Foi realizada entre os dias 5 e 7 de abril em Contagem, Minas Gerais, a XV Convenção Nacional de Solidariedade a Cuba, que contou com a presença de mais de 50 entidades de todo o Brasil e centenas de pessoas que participaram dos debates e grupos de trabalho que se desenvolveram ao longo dos três dias do evento no SESC de Contagem.
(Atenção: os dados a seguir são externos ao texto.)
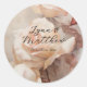 Sticker rond classique de mariage d'été Roses élégant conçu avec des roses d'été sur un arrière - plan de crème et de taupe. Le texte comprend : Les prénoms et la date du Mariage de la mariée et de la mariée. Pour personnaliser, insérez simplement vos détails dans notre modèle facile, en remplaçant l'exemple de texte. N'oubliez pas de consulter l'ensemble de la collection Élégante Mariage Roses d'été pour les cartes et accessoires correspondants.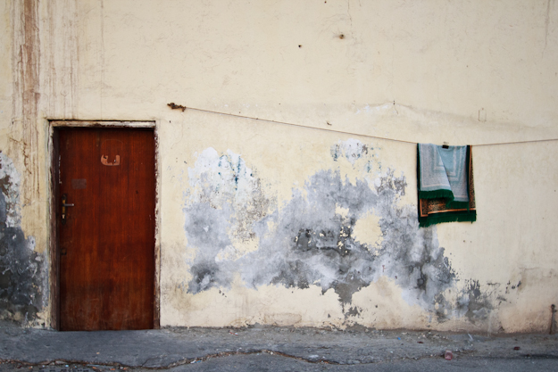 This is the 2nd wooden door that I saw, weird enough that he has a prayer carpet hanging there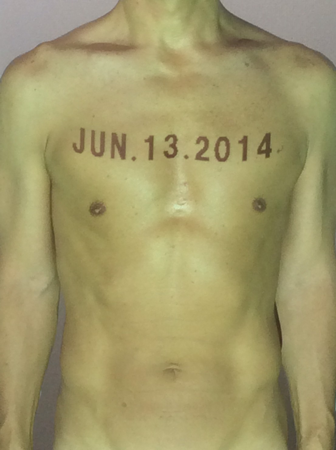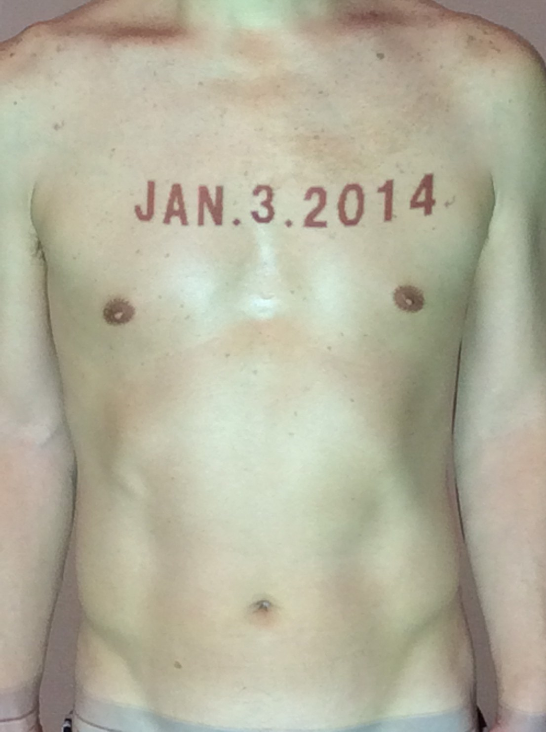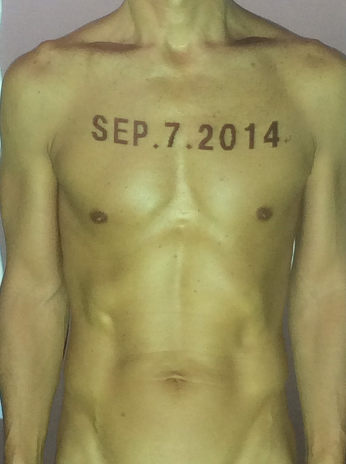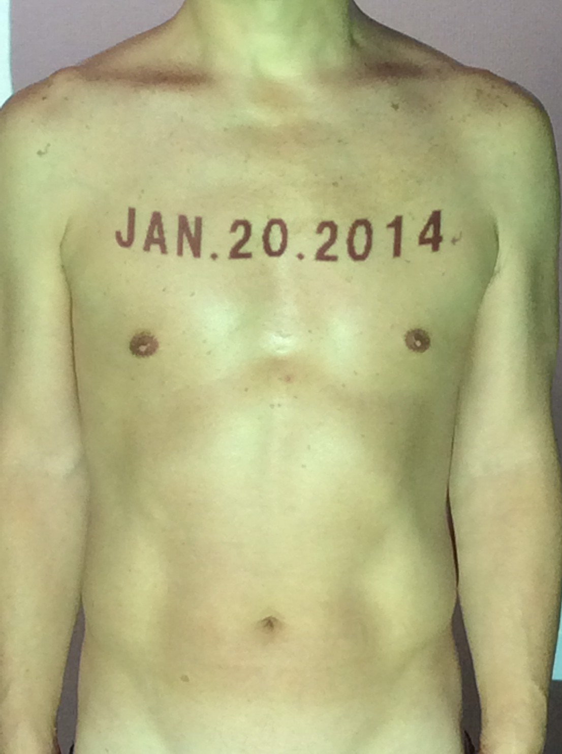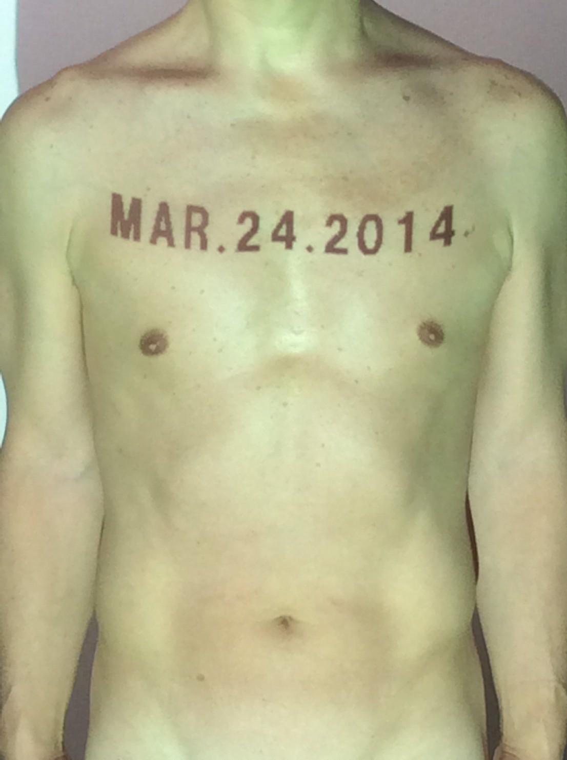 伊勢神宮に式年遷宮という20年に一度の儀式がある。常に神の宿る体(社)を若く保つのが目的だが、その町の活性化と儀式や建築技術の継承なども図られている。このことを私自身の体に移し替えて表現している。1年を通して鍛えた身体の変化はYoutubeにアップした。作家の身体 表現する身体 リニューアルボディー 表現する新しい身体(The new body to express) 身体と絵画 The body and pictures 時間的連続性の入れ替え. 身体は時間The body is time 時間に逆らう身体The body opposing time 身体は時間に逆らうThe body opposes time.過ぎ去る身体The body passing away

A XV Convenção de Solidariedade a Cuba em Minas Gerais

   

    Foi realizada entre os dias 5 e 7 de abril em Contagem, Minas Gerais, a XV Convenção Nacional de Solidariedade a Cuba, que contou com a presença de mais de 50 entidades de todo o Brasil e centenas de pessoas que participaram dos debates e grupos de trabalho que se desenvolveram ao longo dos três dias do evento no SESC de Contagem. O início da Convenção contou com a participação de vários partidos políticos e entidades de todo o país que compuseram a mesa de abertura, como a Associação Cultural José Martí de Minas Gerais e de outras partes do Brasil, o (ICAP) Instituto Cubano de Amizade aos Povos, o Embaixador de Cuba no Brasil, Pedro Mosquera, a UNE (União Nacional dos Estudantes), a Ubes (União Brasileira dos Estudantes Secundaristas), os partidos PCdoB, PDT, PCB, PT, PPS e várias agremiações partidárias e do movimento social, como o MST, a CUT, entre outras.

    Foi feita uma homenagem póstuma ao militante Paulo Lorenzi Petry, que sempre esteve presente a todas as convenções nacionais de solidariedade a Cuba e, que desde o processo de redemocratização do Brasil, sempre uniu forças para prestar apoio à causa da revolução cubana e da amizade entre o povo brasileiro e a população cubana. Em 1985, o companheiro Paulo Petry já defendia a solidariedade ao povo e ao processo revolucionário cubano, fundando um comitê de apoio à amizade entre Brasil e Cuba no Rio Grande do Sul, mesmo antes do restabelecimento das relações diplomáticas entre os dois países oficialmente.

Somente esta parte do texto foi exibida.